William Jefferson Clinton vs. George H. W. Bush

“All I’ve been asked about by the press are a woman I didn’t sleep with and a draft I didn’t dodge.” –Bill Clinton

Just after the successful completion of his one-hundred-hour Gulf War in the fall of 1990, George H. W. Bush approval ratings reached an astonishing ninety percent; he seemed unbeatable in a second term. After twelve years of prosperous Republican rule coupled with extremely weak Democratic presidential candidates, some pundits began to wonder whether the Democratic Party was heading toward political extinction like the Whigs or the Federalists.


But as the Bush Administration progressed, the approval rating slowly started to fall. War may have made Bush a hero, but he never earned the fanatically loyal following of a Ronald Reagan. He broke his famous 1988 pledge of “Read my lips: No new taxes,” which left him open to Democratic attack. Reagan’s legacy of a staggering four-trillion-dollar national debt (up three trillion since 1980) didn’t help much, either. There may have been an explosion of wealth in the top one percent of the American population, but one in ten Americans was living on food stamps, and one in eight lived below the poverty level.

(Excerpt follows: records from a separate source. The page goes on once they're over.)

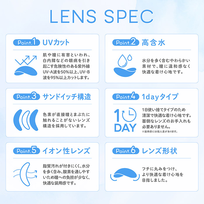 | 使用期間 | 1日使い捨て(ワンデー、1day) |
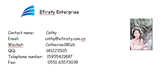 EFIRSTY ENTERPRISE (ANHUI) CO., LTD was established in 2009, which covers an area of 24,000 square meters with 40,000 square meters of building area. It has more than 600 fixed staff, including 30 management staff and 20 technical personnel. The company owns RMB13.6 million of registered capital and RMB63.6 million of fixed assets. We are approved of qualification both in import and export.
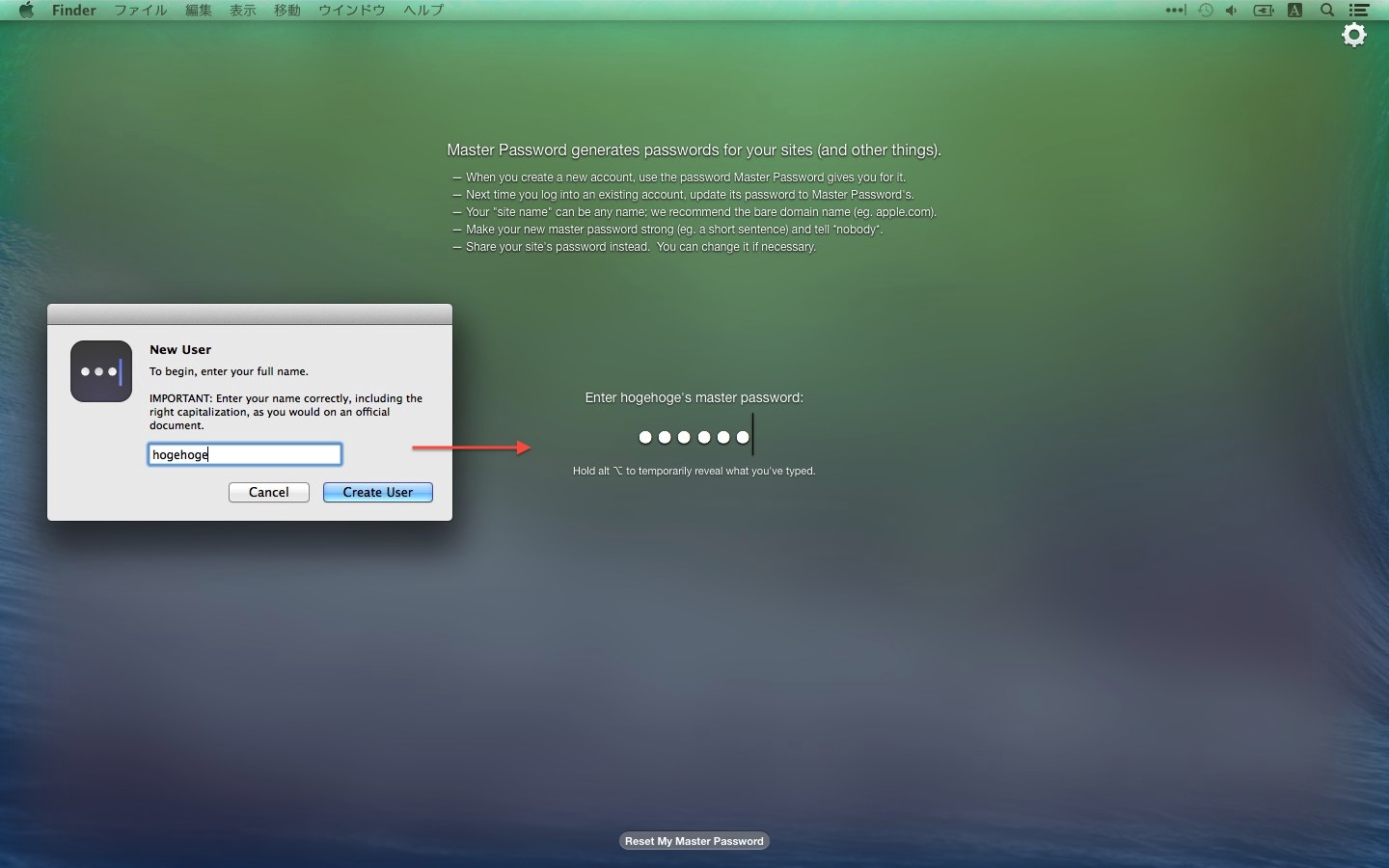 ユーザー名を設定して、そのユーザーのMaster Passwordを入力
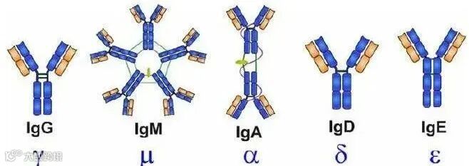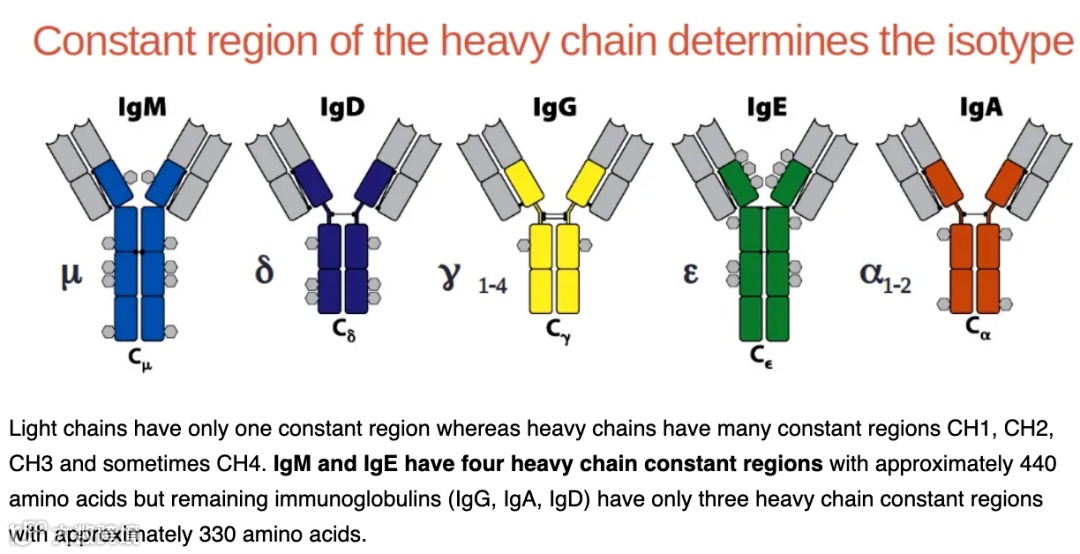抗体重链类型直接决定了抗体的类型,哺乳动物抗体重链可分为五类,分别以希腊字母γ、α、μ、δ、和ε表示,据此将抗体相应地分为IgG、 IgA、 IgM、IgD和IgE。α和γ大约含有450个氨基酸,μ和ε约含550个氨基酸;同时μ链和ε链含有5个肽环,γ链、α链、δ链含有4个肽环。
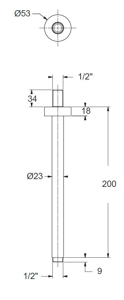 Βραχίονας τοίχου για στήριξη κεφαλής ντους, μήκους 40cm σε brushed matt black βουρτσιστό μαύρο χρώμα και ματ υφή, από την Piccadilly.
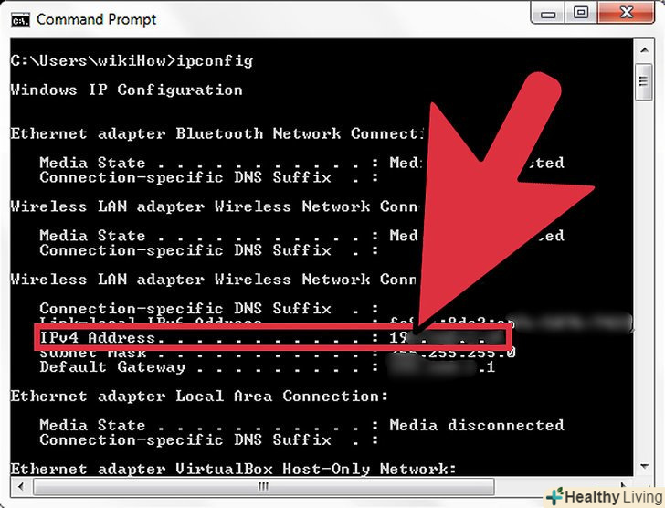 Введіть ipconfig і натисніть Enter.у списку ви побачите " IPv4 Address. . . ."Це буде адреса вашого цільового комп'ютера.
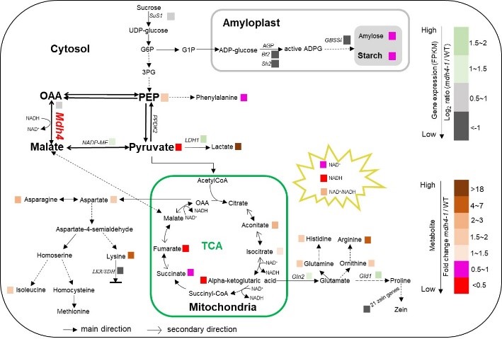 ZmMdh4是导致这一突变的关键基因;结合能量测定和靶向代谢组分析证实
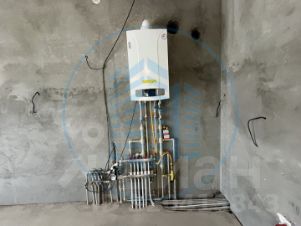 Двухконтурный газовый котел, радиаторы отопления, установлено две инсталляции ;
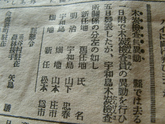 ・・・木炭檢査員異動 縣ではさる一日附で木炭檢査員の異動行ひ五日発表したが、宇和島木炭檢査所關係の分左の如し・・・
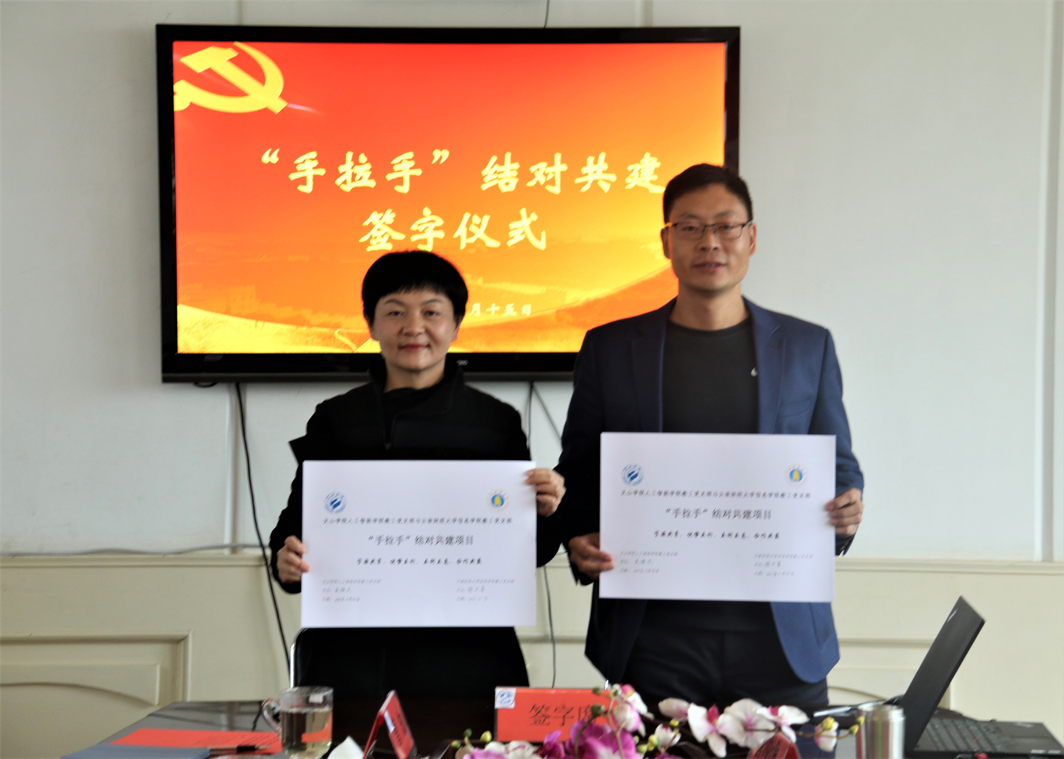 两院教工、学生党支部代表举行“手拉手”结对共建签字仪式,并就后续“手拉手”结对共建活动内容展开讨论。双方表示,将借力共建平台,努力形成“资源共享、优势互补、互利互惠、合作共赢”的工作格局。
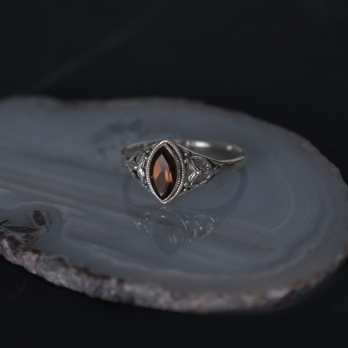 Bague en argent 925 avec quartz fumé : une profondeur chaleureuse de brun et un éclat noble qui se révèle magnifiquement à la lumière. La taille met en valeur le volume de la pierre et offre un doux jeu de nuances, du chocolat au cognac. Le quartz fumé est souvent considéré comme une pierre d’ancrage et de calme : il aide à rassembler ses pensées, à équilibrer les émotions et à garder le focus.
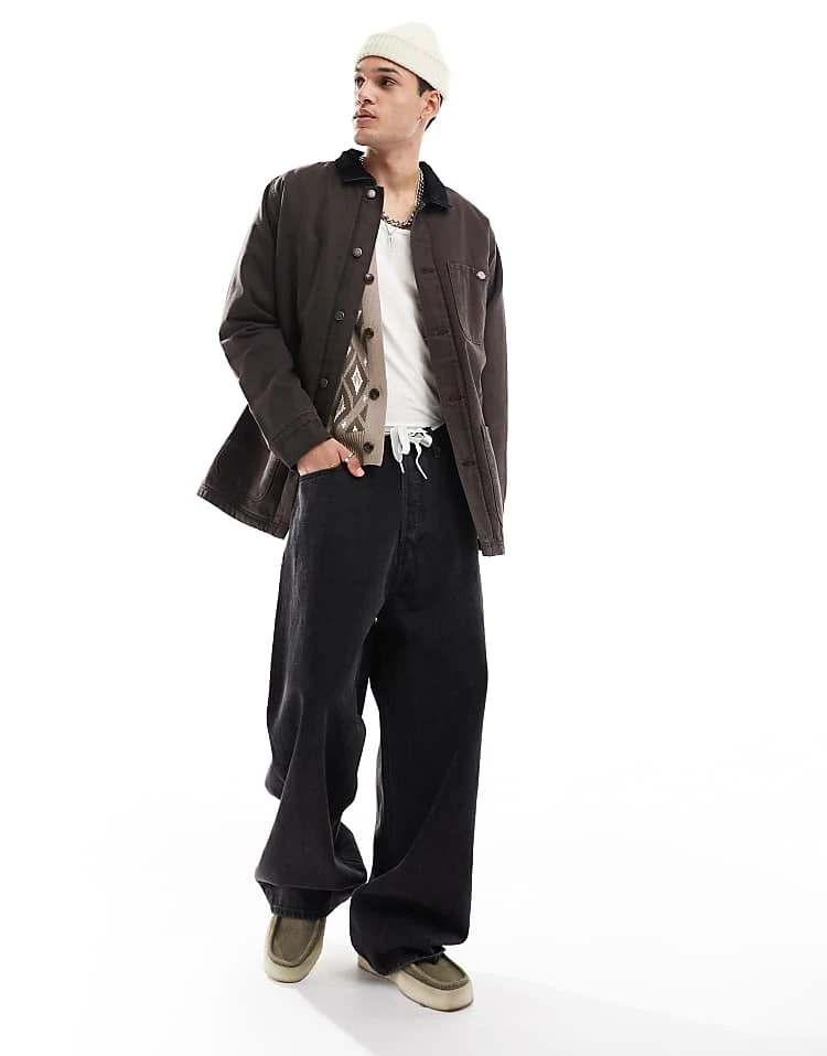 Dickies Unionville Pleated Wide Leg Work Trousers In Black For Men
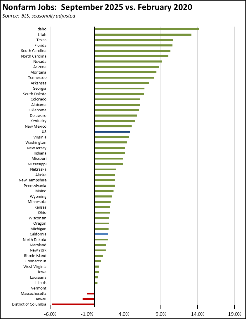- Recovery Progress: CA Nonfarm Jobs vs. Other States
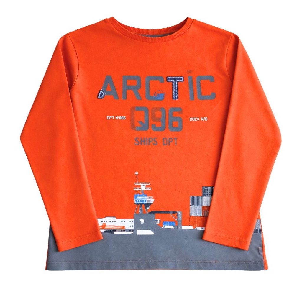 Narancssárga, hosszú ujjú póló nyomott felirattal, mintával.
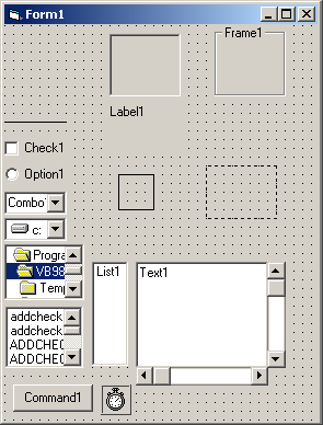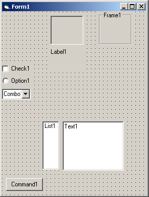 Click the Command Button button and put it at the bottom left of the form. Your form should now look like this, in case you are getting lost with your buttons and boxes.
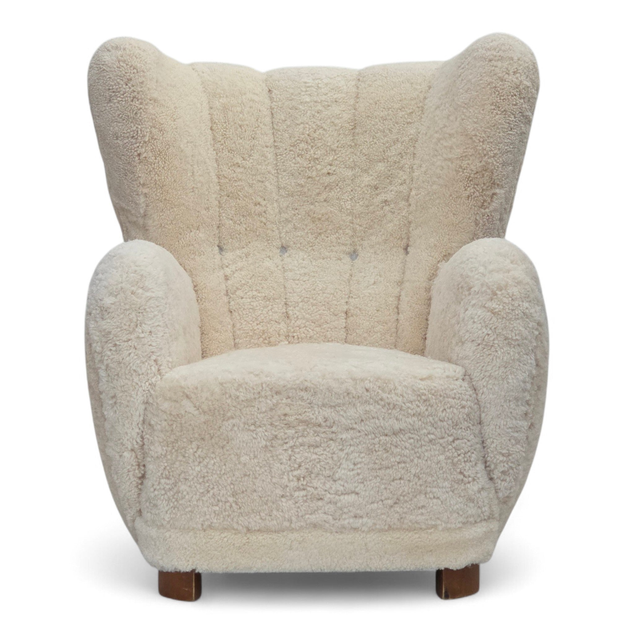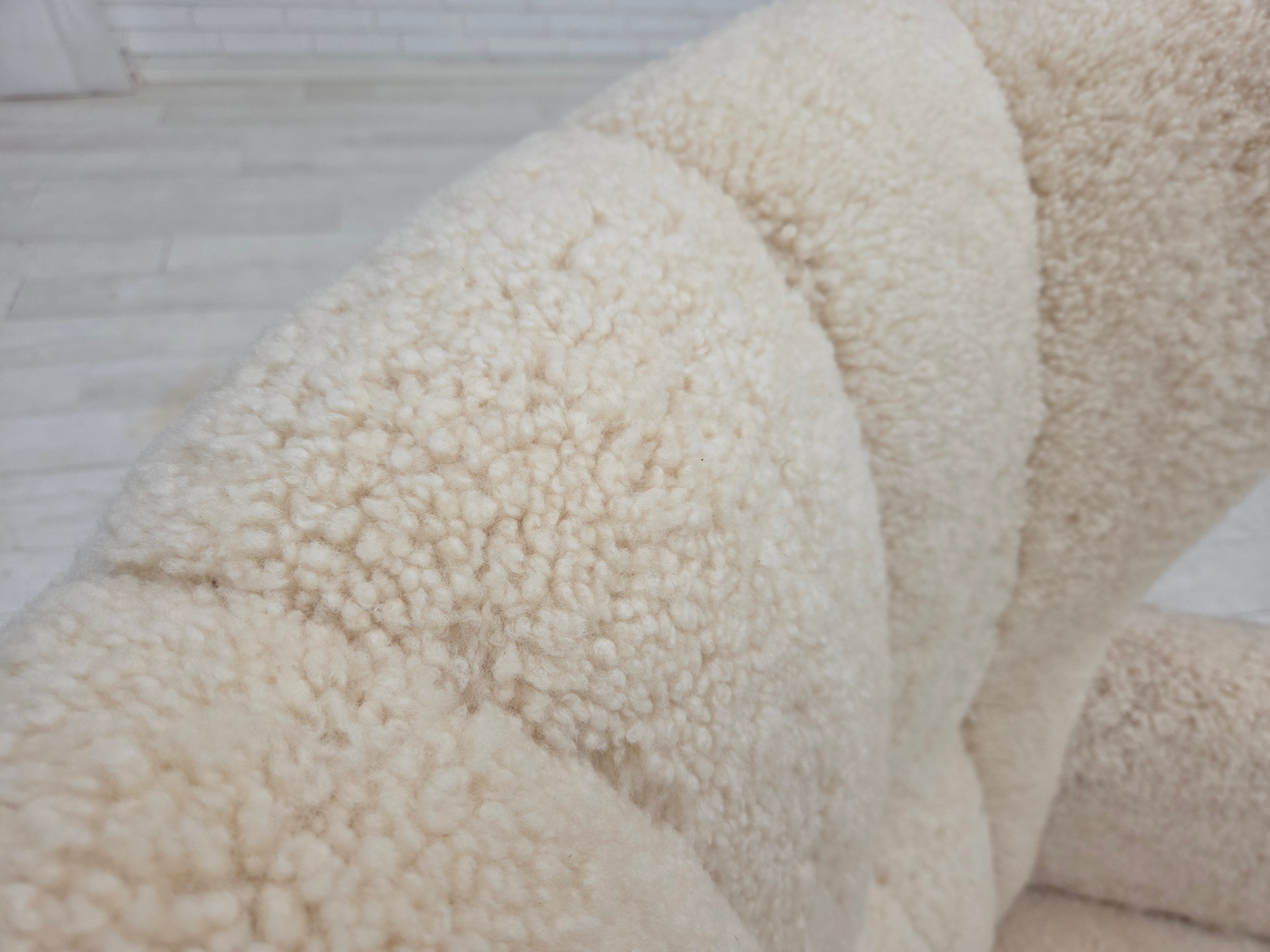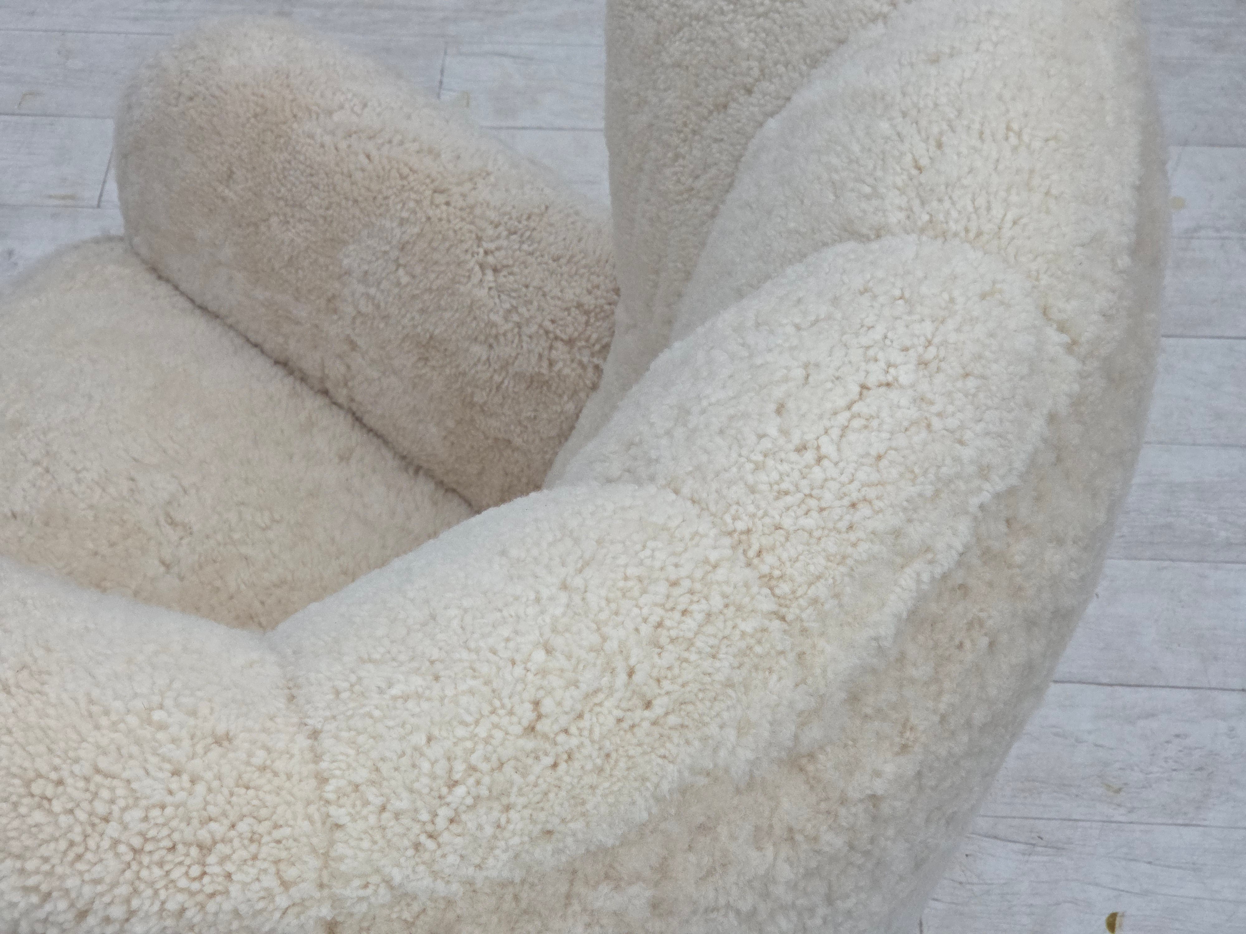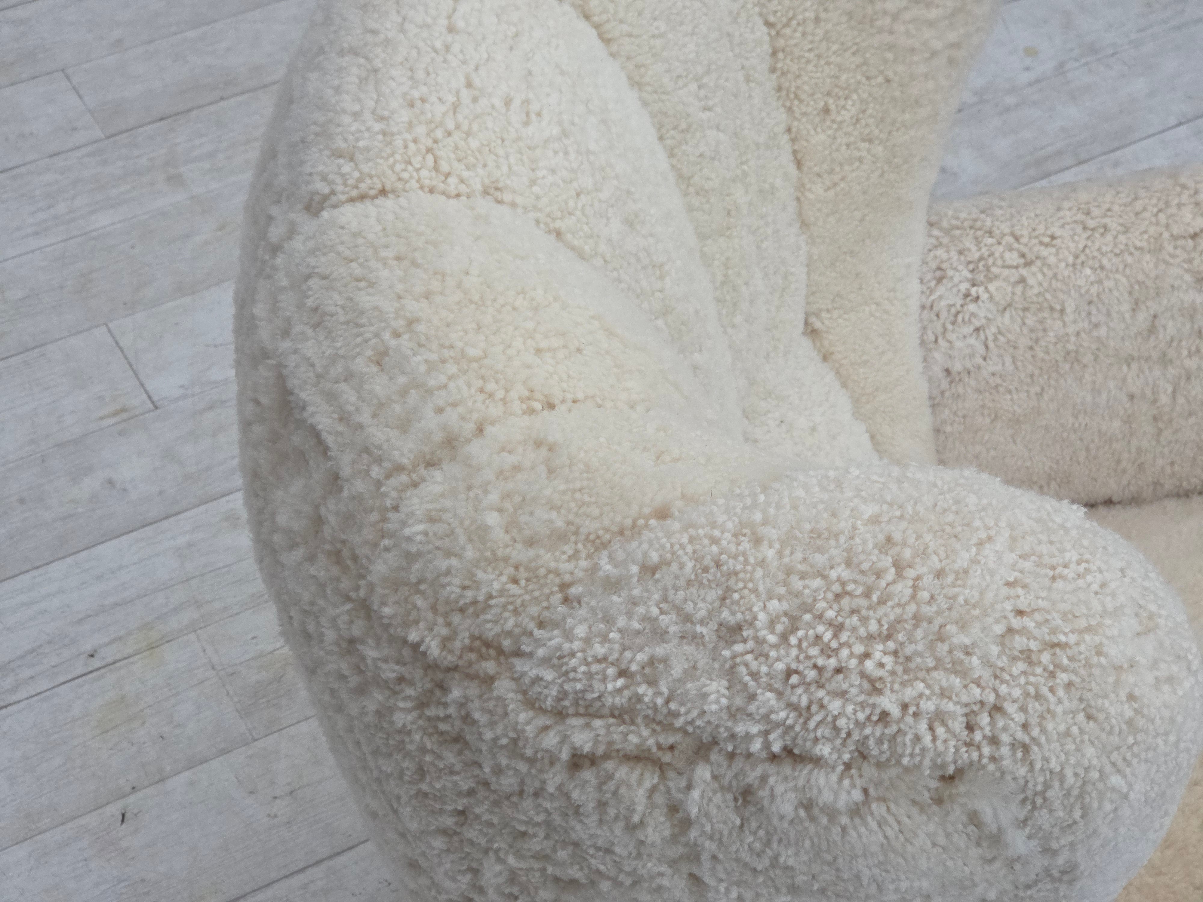 1960erne, Dansk højrygget lænestol, ægte fåreskind "Canberra", reupholsteret.

The relatively obscure field of Democratic candidates included Iowa Senator Tom Harkin, Nebraska Senator Bob Kerrey, Arkansas Governor Bill Clinton, and Massachusetts Senator Paul Tsongas. But Bush had more than Democrats to worry about. Conservative Christian columnist and former Nixon speech writer Pat Buchanan ran well in the primaries, showing that the religious right would not be denied its share of the action. And the fourteenth wealthiest person in the United States, billionaire Texan H. Ross Perot, decided to hell with Federal matching funds, he’d pay for his own campaign--and mounted the most successful third-party challenge since Teddy Roosevelt and his Bull Moose Party in 1912.

The Candidates
Democrat: William “Bill” Clinton
If there could be such a thing as a “log cabin” presidential candidate in the late twentieth century--an era when nearly every candidate was born with a silver spoon in his mouth--that candidate was William Jefferson Clinton. He was born poor in Hope, Arkansas, in 1946. His father had died in a car accident when he was only three months old, and his stepfather was an abusive alcoholic. Clinton triumphed over all these circumstances to become a Rhodes scholar, go to Yale Law School and, in 1978, become the governor of Arkansas at thirty-two years old.

Married to Hillary Rodham Clinton, Bill Clinton was extraordinarily charismatic--six-foot-two, handsome, empathetic (“I feel your pain”), and a brilliant “policy wonk” with an impressive memory for details. However, according to Republicans, there was the little problem of his being “a pot-smoking, philandering, draft dodger.”

Clinton’s running mate was another southerner, Tennessee Senator Al Gore.

Republican: George H. W. Bush
By the time the election heated up in the summer of 1992, Bush’s approval ratings had dropped to roughly forty percent. Twenty-one years older than his Democratic opponent, he tried to run on his success in foreign affairs, while glossing over his tax increase and the country’s huge deficit, but he lacked both charisma and empathy. While Clinton “felt” the country’s pain, Bush said, in his weird verbal shorthand, “Message: I care.” Focus groups commissioned by the Republican National Committee found that his wife, Barbara, now had higher approval ratings than the president--and his dog, Millie, wasn’t far behind. Even though Bush was told that dumping his hapless vice president J. Danforth Quayle, would generate a net gain of as much as six points in the approval ratings, Bush wouldn’t give up the guy.